Our St Andrew's Day Dinner guest speaker is David Duke, founder and CEO of Street Soccer Scotland, a non-profit social enterprise that uses football to help create positive change in the lives of socially disadvantaged adults and young people.
More recently David has set up Change Centre Scotland, a new social enterprise whose vision is aimed at tackling homelessness by a creating personal development and self-management centres. He works closely with Government, Athletes, Charities, Social Enterprise, and some of Scotland's leading entrepreneurs, all with the aim of improving the lives of those who face some of society’s biggest challenges.
He is a well-known face, and voice, in his sector and is recognised as an authority on sport and social change, not just in Scotland but around the world. David is a regular contributor at the international Doha Goals Forum and has been a speaker at other global events including TEDx, Beyond Sport Global Summit and SEWF. David is also Global Ambassador for the Homeless World Cup organisation, an Ambassador for Charity Quarriers, is an Advisory Board Member for UNICEF (Scotland).
We caught up with David to find out a bit more about Street Soccer Scotland and who or what inspires him and why our chosen charity, Govan H.E.L.P is a cause close to his heart.
How does it feel to be speaking at this year’s St Andrew’s Day Dinner?
I am really looking forward to the event. I have heard it’s a great night and it’s an honour to be part of it.
Tell us how Street Soccer Scotland began and what’s on the horizon?
Street Soccer was founded in 2009 with the simple idea of using football to tackle social exclusion.
Football brings people together and many of the players we support are often isolated and excluded. Our players may be experiencing a range of challenges, but by bringing people together using football and then providing additional support, it really can make a difference. We all need to be part of something.
Having just turned 10yrs old, we are now expanding our work across more regions and communities and I look forward to sharing some of our story at the St Andrew’s Day Dinner.
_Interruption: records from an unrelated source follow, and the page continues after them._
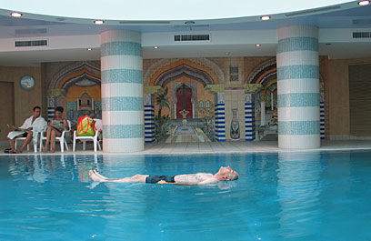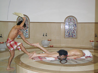 מיקי המטפל, שעבר הכשרה מיוחדת על מנת ליישם את שיטת העיסוי כהלכתה, שוטף את המטופל מסבן את עורו בעזרת מברשת שיער דמוית שוט, מקרצף בליפה קשה ולבסוף מצליף בעוז על הגב והרגליים להאצת זרם הדם. טמפרטורת החלל שעומדת על 42 מעלות באופן קבוע מוסיפה גם היא לחדוות זרימת הדם. מחירי טיפולים 130-220 שקל. כניסה לאורחים שאינם שוהים במלון, בתיאום מראש. טל. 6993000־.04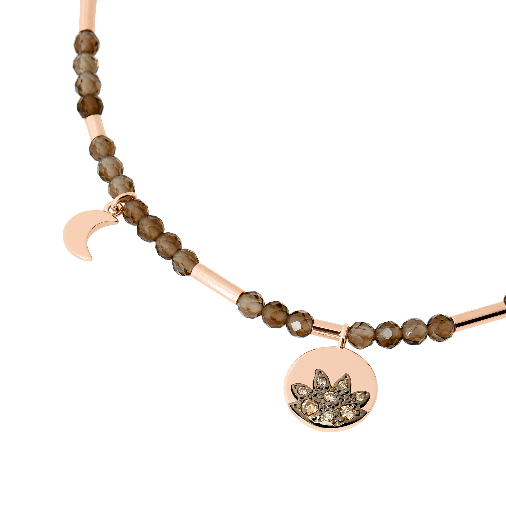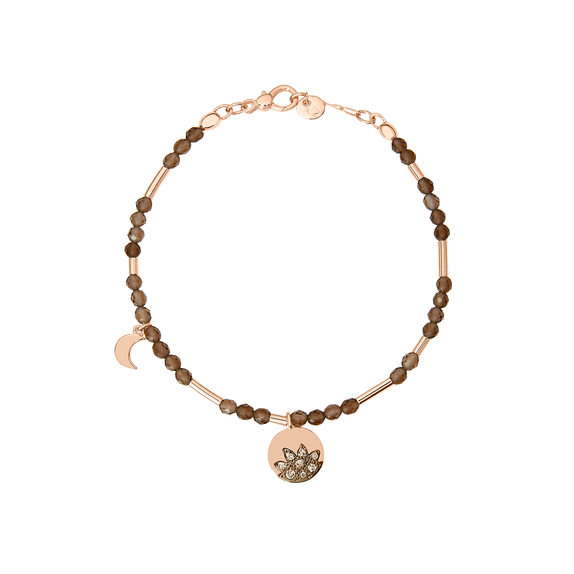 Bracciale in oro rosa 9kt con Quarzo Fumè, 8 Diamanti Brown E 1 Ciondolo Mini Icon In Oro Rosa 9k (Ct 0.083)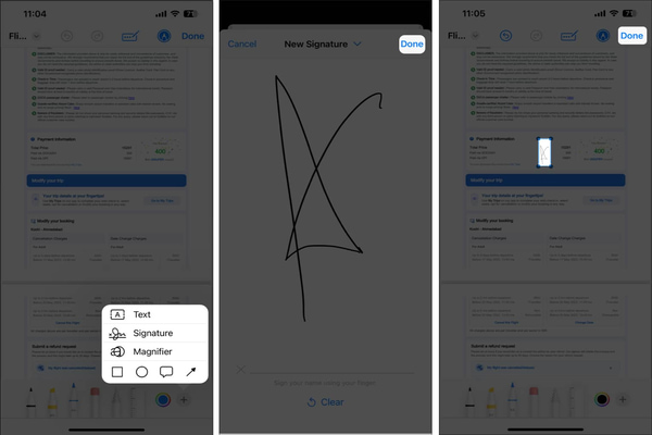 - امضای خود را رها کرده و روی Done ضربه بزنید.

This year’s chosen charity Govan H.E.L.P is a cause that is close to your heart tell us a bit about the cause and why it’s so important to you?
I come from Govan and it’s is a wonderful community but is massively affected by poverty and exclusion. The work that Govan H.E.L.P does to support families and children is very inspiring, and having experienced hard times as a child myself, I know the value of projects like this. I am proud to be a supporter of Govan H.E.L.P and I’m delighted that The Marketing Society Scotland has chosen them as their charity partner for this year’s St Andrew’s Day Dinner.
If you could give your 16-year-old-self one piece of career advice, what would it be?
Don’t listen to my 16yr old self…
What are the main challenges faced by your team and how do you overcome it?
Running a charity and social enterprise has many challenges at many levels. Our delivery team do a great job in supporting people often in times of crisis which can be emotional but rewarding when people smile and find some happiness and support. Financially, it is always challenging running an organisation but also exciting being able to create new projects and enterprise activities.
There are always other challenges which are not exclusive to us, and decisions made by governments and decision makers (for example in Westminister) which directly impact on the players we support and serve.
Who or what influences you? Which living person do you most admire?
I think I am influenced by everything, things I read and people I meet. You can take something from everyone.
I am attracted to selfless people, the unseen champions making the world a better place. I’m proud to work with some of them.